I hope Moira will not mind my refering to her mention of Penge -not as another comedic target, but as a woodland place name. There are very few names of definite Celtic origin left in the London and the South East. There are quite a few Anglo Saxon placenemanes which refer to the indigenous Celtic inhabitants, or as the Germanic immigrants called them– the “welsh” i.e “foreigners” . Wallington is one–the Welsh (Wall) people (ing) town (ton).

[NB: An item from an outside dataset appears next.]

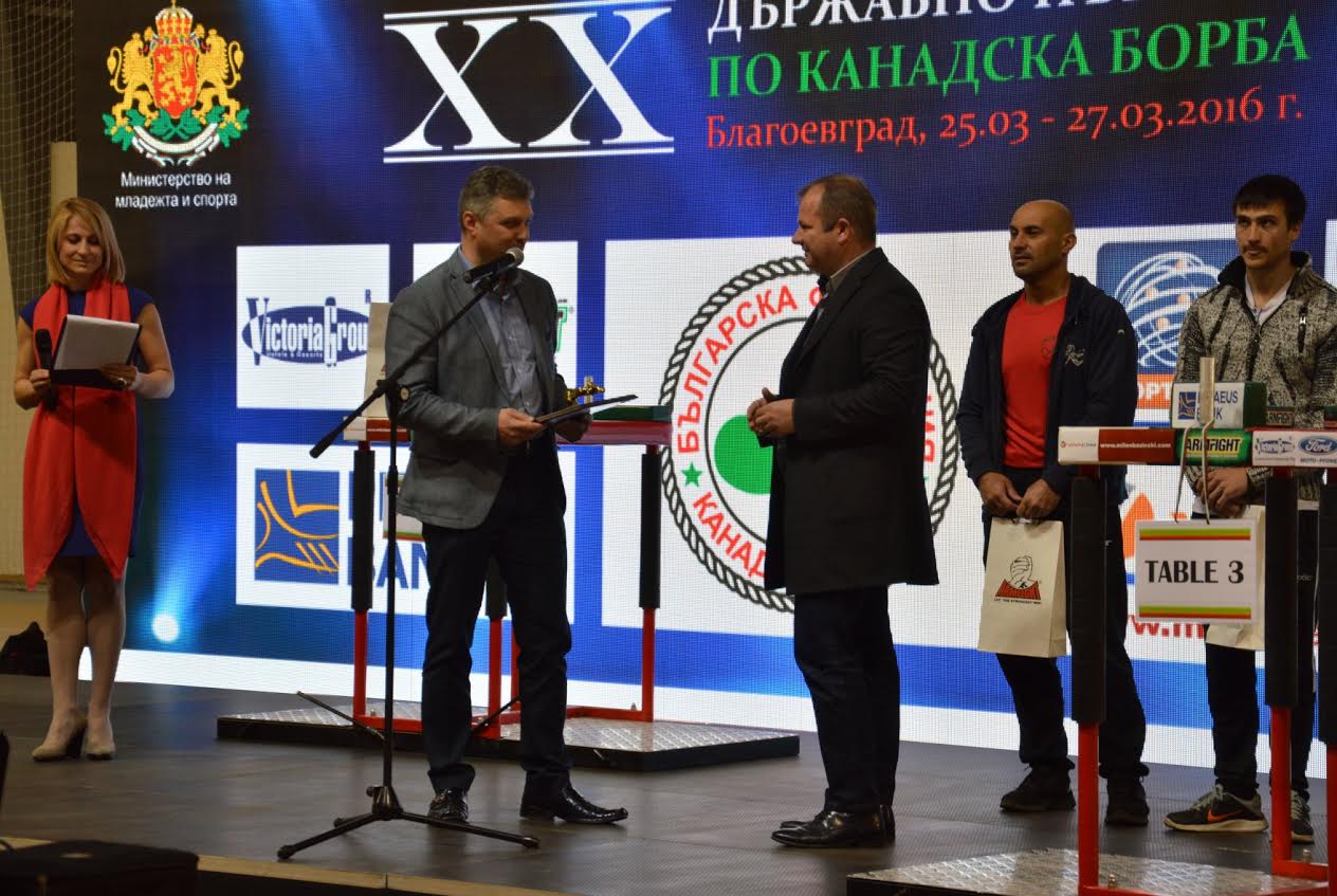 В знак на благодарност, за подкрепата на спорта и в Държавното първенство, председателят Федерация по канадска борба Асен Хаджитодоров връчи почетен плакет на Община Благоевград. „Благоевград е един от бастионите на канадската борба. Това е основната причина XX юбилейно състезание да се именно проведе тук“, каза Асен Хаджитодоров. Почетни плакети получиха още многократните шампиони по канадска Борба Цветан Кашевски, Георги Гайдарджиев, както и спонсори.

Penge is the real thing, and recognisable in modern Welsh language or as we should call it “Cymraeg” or “Brythonic”, being Pen (head or hilltop) Ceat (woodland) (probably then pronounced cay-at) or perhaps Coed (coyd), meaning in total “wooded hilltop”, which is exactly descriptive of the wooded heights of the Upper Norwood hills. A remarkable linguistic survival. One can imagine an English invader arriving at the foot of the hill, looking up and asking a native–
“What is that place called?”
” Pen-ceat”.
“Pen -waht ?”
“Pen ceat”
OK, Pen……ge that will do. Thanks. Now, would you like to work for me ? I have built a nice place for you er…Welsh. It’s called “Wallington”. Nice and dry underfoot there. Much heathier than this wet, sticky clayey…. “Pengey” sort of place ! Ha ha ha Penge !!!!